Gramm-Leach-Bliley Act (GLBA) - AWS Audit Manager

Gramm-Leach-Bliley Act (GLBA)

To assist you with your audit preparation, AWS Audit Manager provides a prebuilt framework that supports the Gramm-Leach-Bliley Act (GLBA).

What is the Gramm-Leach-Bliley Act (GLBA)?

The Gramm-Leach-Bliley Act (GLB Act or GLBA), also known as the Financial Service Modernization Act of 1999, is a federal law enacted in the United States to control the ways that financial institutions deal with the private information of individuals. The Act consists of three sections. The first is the Financial Privacy Rule, which regulates the collection and disclosure of private financial information. The second is the Safeguards Rule, which stipulates that financial institutions must implement security programs to protect such information. The third is the Pretexting provisions, which prohibit the practice of pretexting (accessing private information using false pretenses). The Act also requires financial institutions to give customers written privacy notices that explain their information-sharing practices.

Use AWS Audit Manager to support your Gramm-Leach-Bliley-Act audit preparation

You can use the Gramm-Leach-Bliley Act (GLBA) framework to help you prepare for audits. This framework includes a prebuilt collection of 4 automated controls and 110 manual controls.

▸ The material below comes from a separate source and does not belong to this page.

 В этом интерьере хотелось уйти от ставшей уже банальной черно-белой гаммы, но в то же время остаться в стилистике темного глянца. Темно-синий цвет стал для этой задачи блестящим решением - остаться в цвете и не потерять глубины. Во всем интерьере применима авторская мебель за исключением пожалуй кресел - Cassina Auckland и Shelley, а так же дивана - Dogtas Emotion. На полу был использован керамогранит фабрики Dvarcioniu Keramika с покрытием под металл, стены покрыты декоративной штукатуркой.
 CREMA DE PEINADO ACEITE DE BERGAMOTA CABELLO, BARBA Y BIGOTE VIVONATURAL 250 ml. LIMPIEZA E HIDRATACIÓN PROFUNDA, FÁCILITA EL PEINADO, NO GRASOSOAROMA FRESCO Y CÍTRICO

These controls are grouped into control sets according to GLBA requirements. You can also customize this framework and its controls to support internal audits with specific requirements.

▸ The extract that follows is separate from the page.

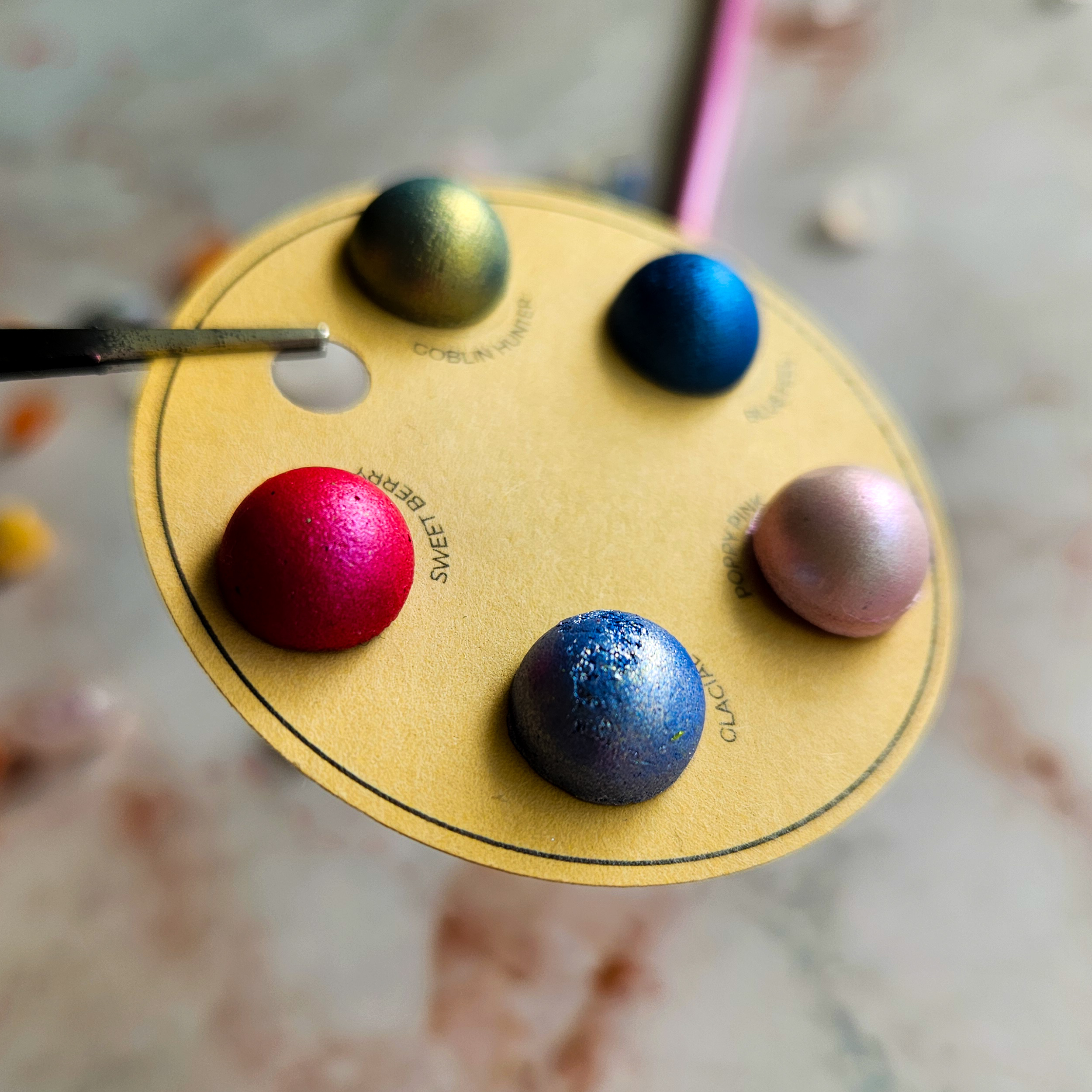 Zestaw pięciu metalicznych kolorów umieszczony na uroczej kartonowej podstawce przypominającej miniaturową paletę malarską.

The controls in this Audit Manager framework aren't intended to verify whether your systems are compliant with GLBA regulations. Moreover, they can't guarantee that you'll pass a GLBA assessment. AWS Audit Manager doesn't automatically check procedural controls that require manual evidence collection.

You can find this framework under the Standard frameworks tab of the Framework library in Audit Manager.

For instructions on how to create an assessment using this framework, see Creating an assessment. For instructions on how to customize this framework to support your specific requirements, see Customizing an existing framework and Customizing an existing control.